■ **Your task**: Set down every record below exactly as it stands, minus the pictures.

[Stored dataset items]
========================================
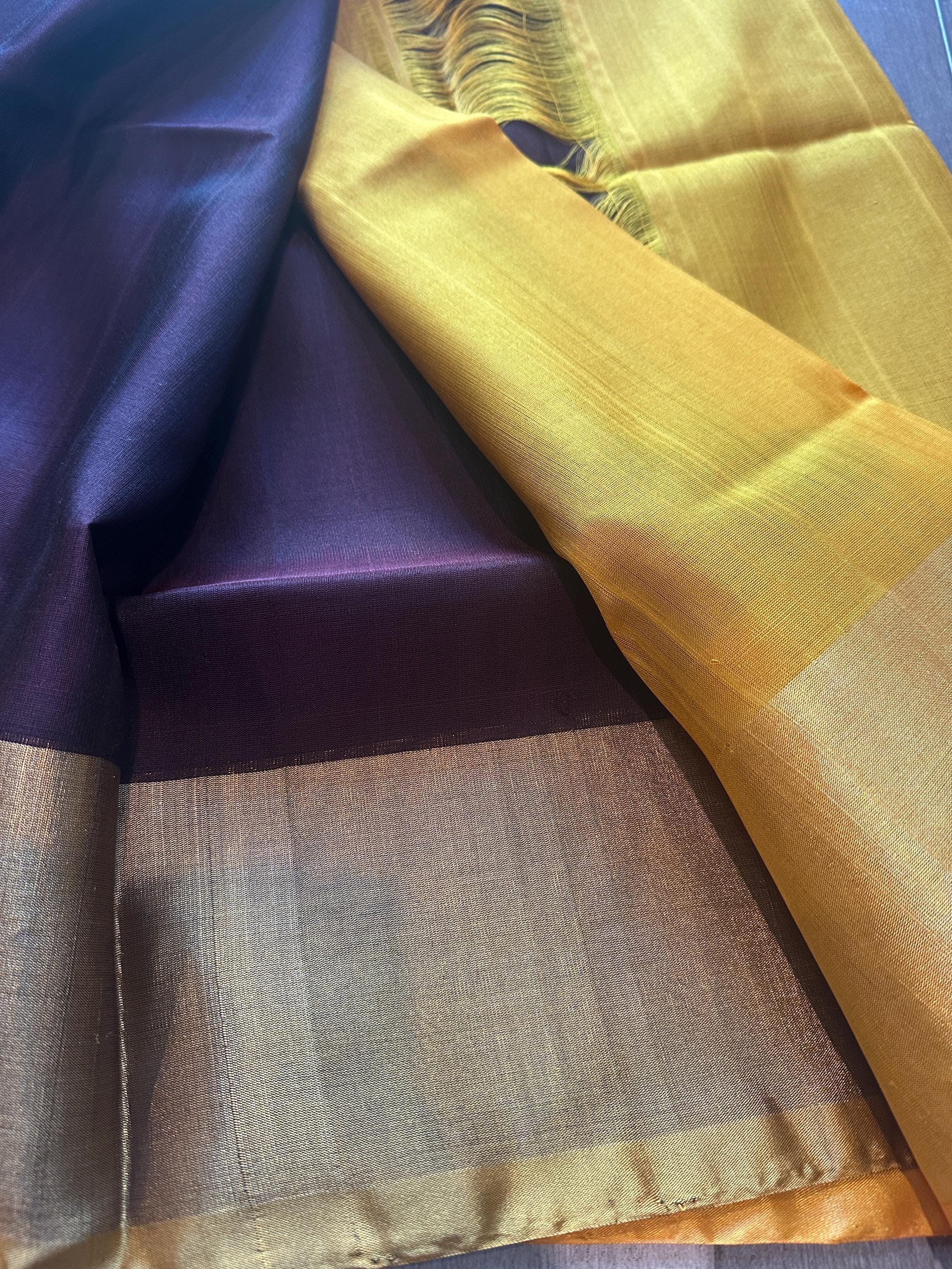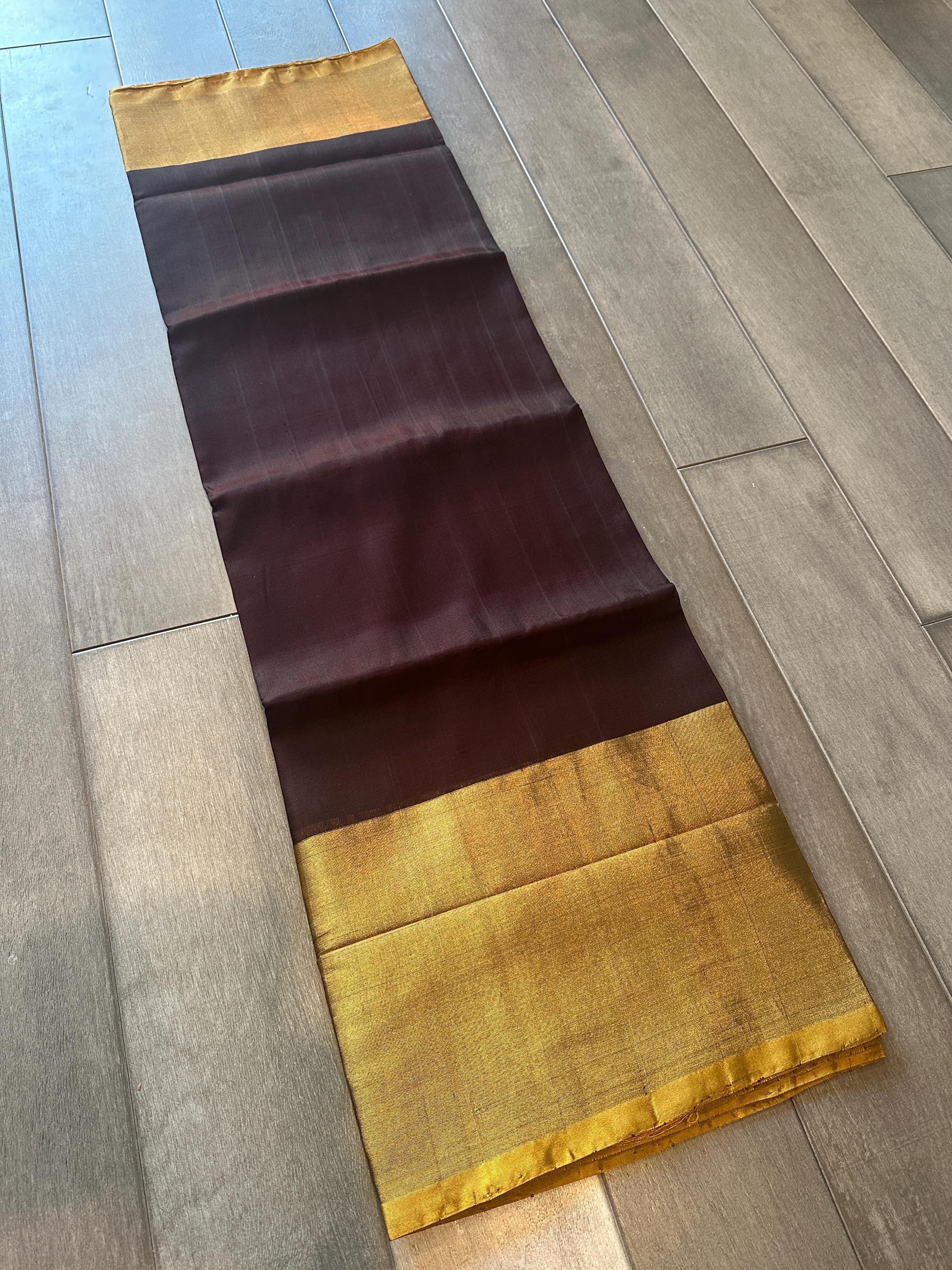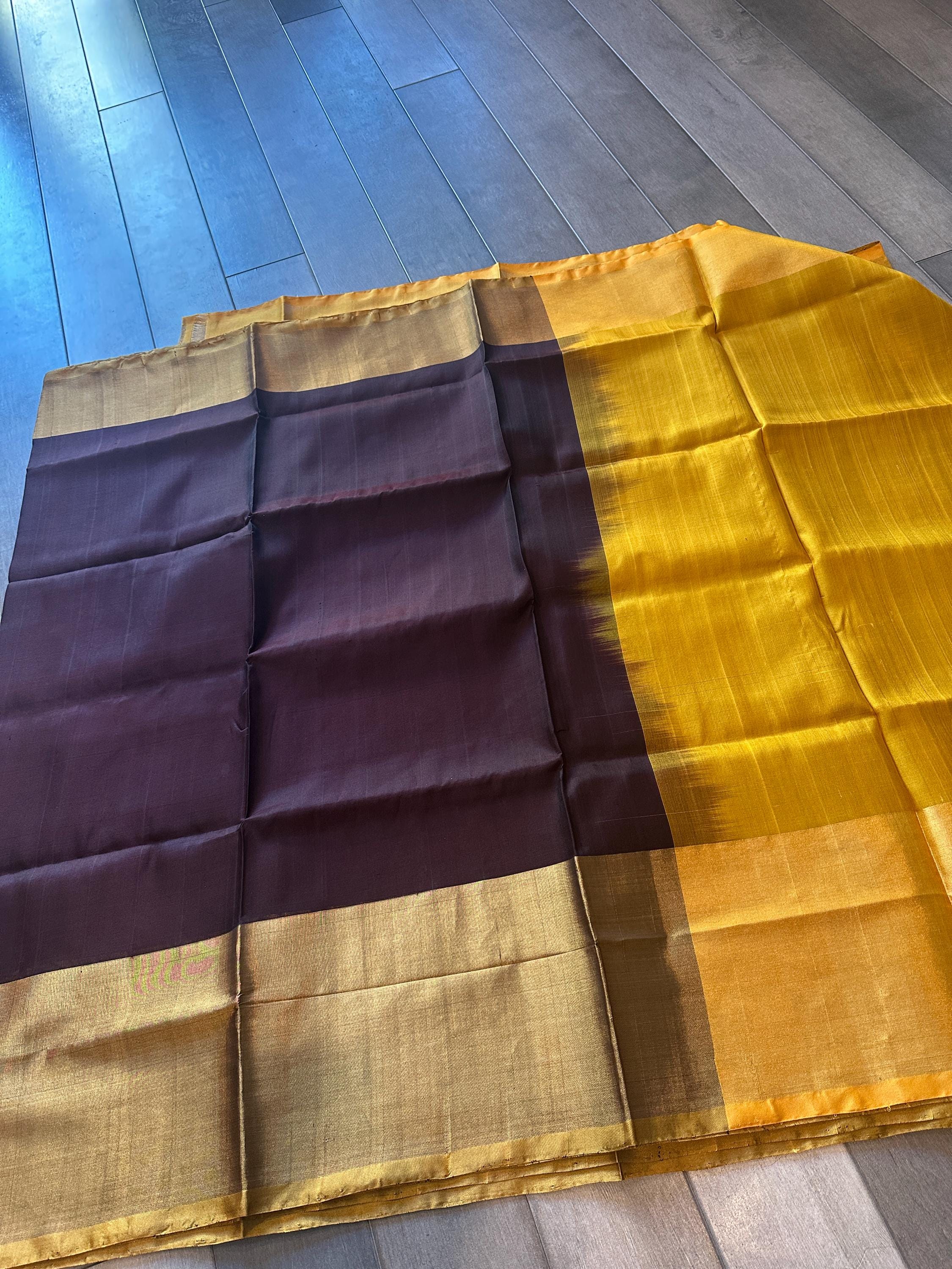Beautiful, handwoven uppada silk saree with big zari border and plain body and pallu. The saree is a brown chocolate shade and border with yellow zari border and yellow pallu. The saree comes with a blouse piece attached. The saree is best suited for weddings, housewarming, grand festivals. An optional stitched blouse, as shown in the pics is available for purchase.
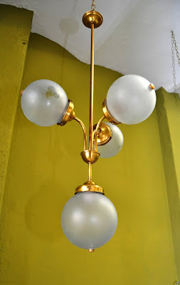 Lámpara con 4 luces , lámpara clásica original con 3 globos de cristal antiguos tallados y globo central sin tallar. debido a su longitud es ideal para iluminar estancias con techos altos.
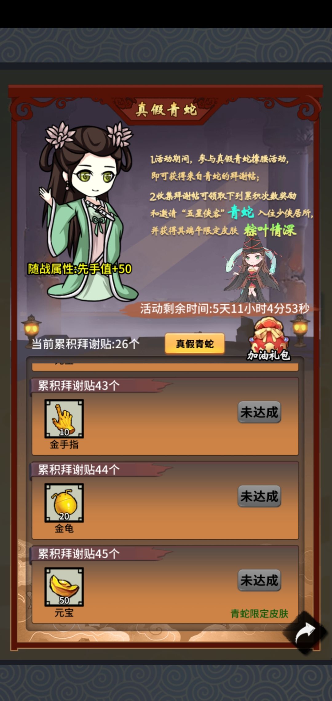 写着送粽叶情深皮肤,展示的却是黑无常。到底送哪个?送黑无常我就不氪了。
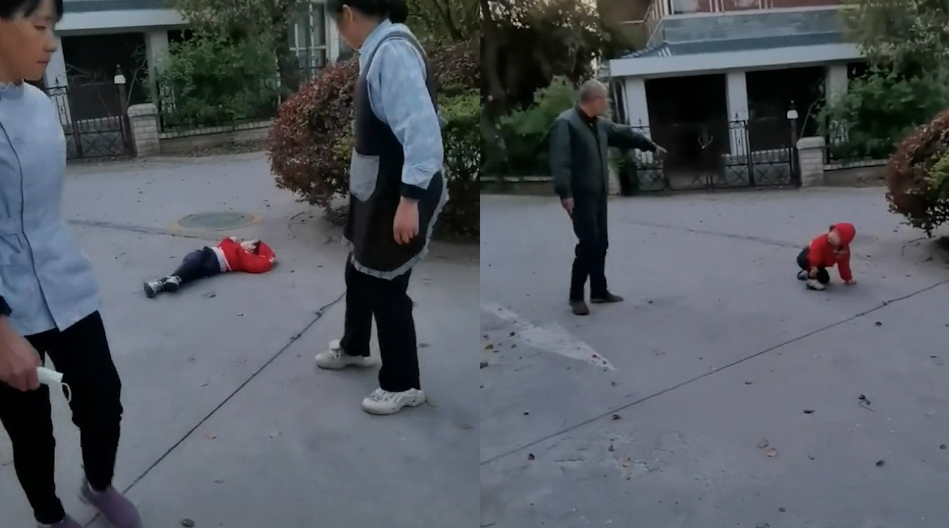 “熊孩子”倒地撒泼不回家 老大爷送上一波神助攻 吓得孩子秒认怂
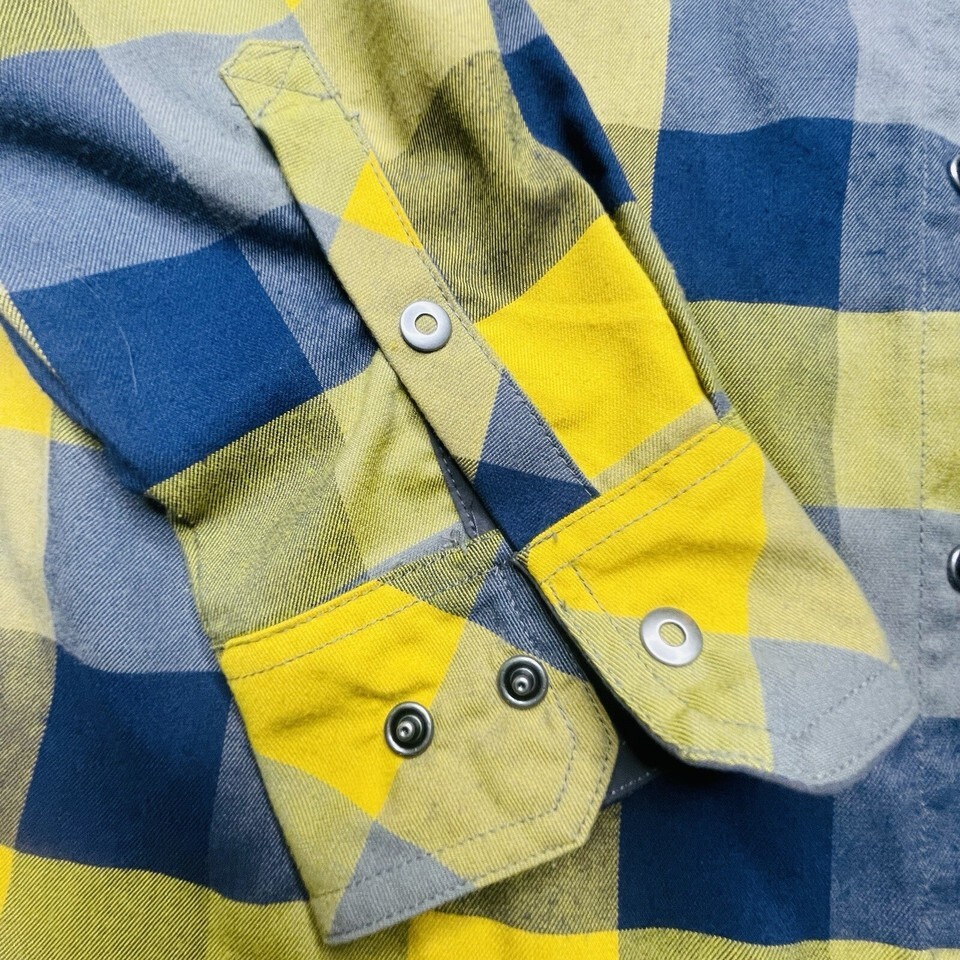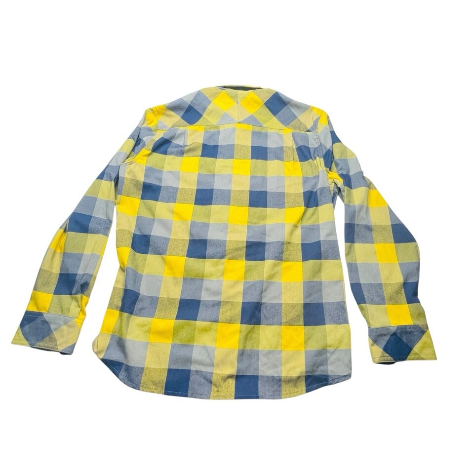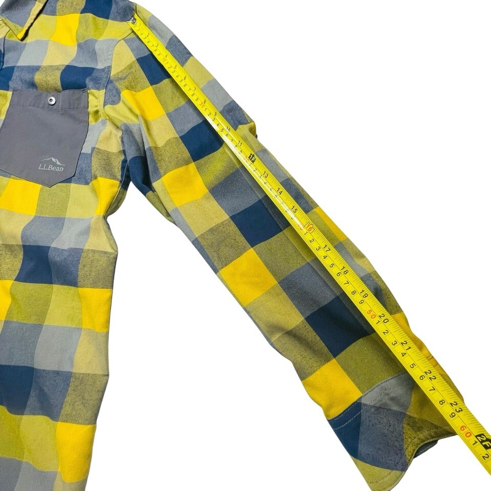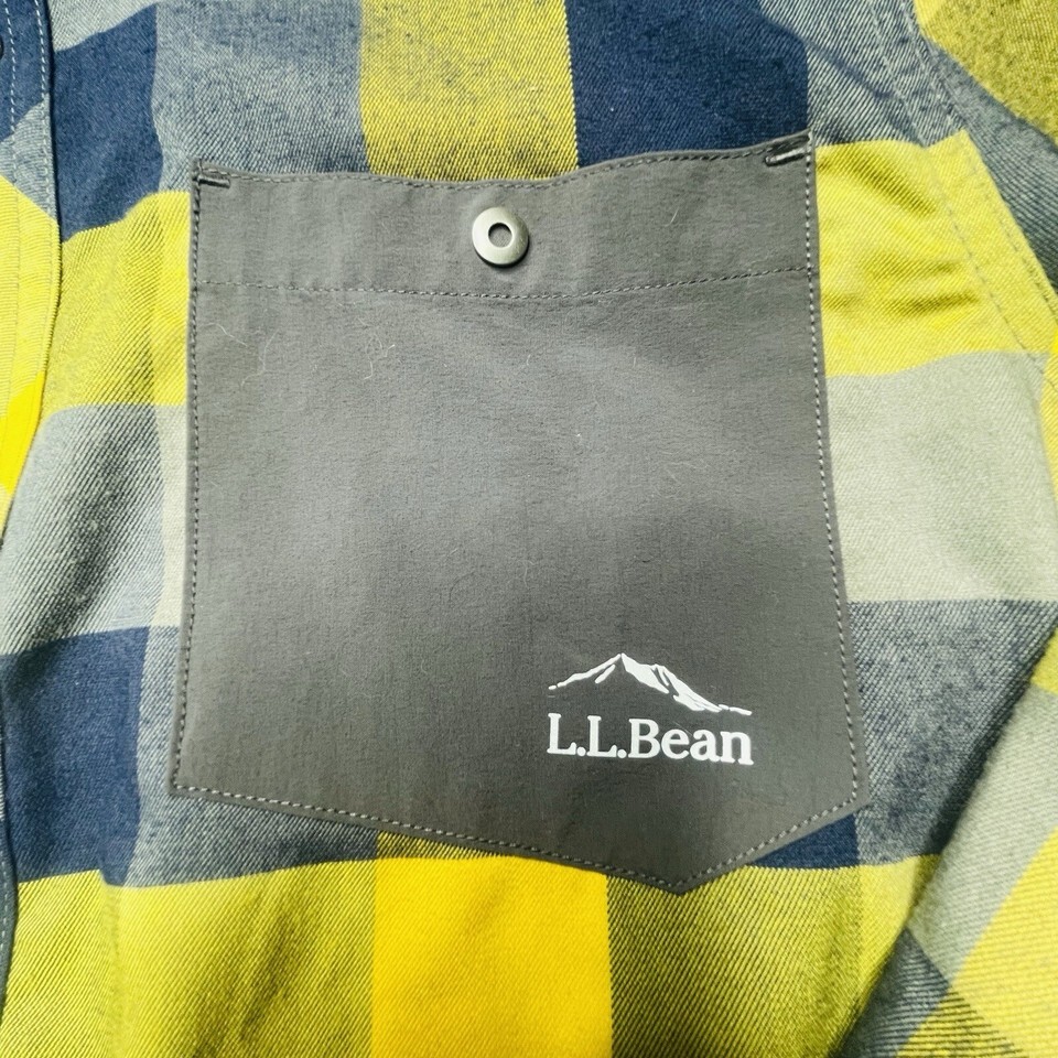 LL Bean Button Up Snap Long Sleeve Shirt Men’s M Yellow Blue Plaid Logo Pocket
========================================
■ **Response to the task**:
Beautiful, handwoven uppada silk saree with big zari border and plain body and pallu. The saree is a brown chocolate shade and border with yellow zari border and yellow pallu. The saree comes with a blouse piece attached. The saree is best suited for weddings, housewarming, grand festivals. An optional stitched blouse, as shown in the pics is available for purchase.
 Lámpara con 4 luces , lámpara clásica original con 3 globos de cristal antiguos tallados y globo central sin tallar. debido a su longitud es ideal para iluminar estancias con techos altos.
 写着送粽叶情深皮肤,展示的却是黑无常。到底送哪个?送黑无常我就不氪了。
 “熊孩子”倒地撒泼不回家 老大爷送上一波神助攻 吓得孩子秒认怂
 LL Bean Button Up Snap Long Sleeve Shirt Men’s M Yellow Blue Plaid Logo Pocket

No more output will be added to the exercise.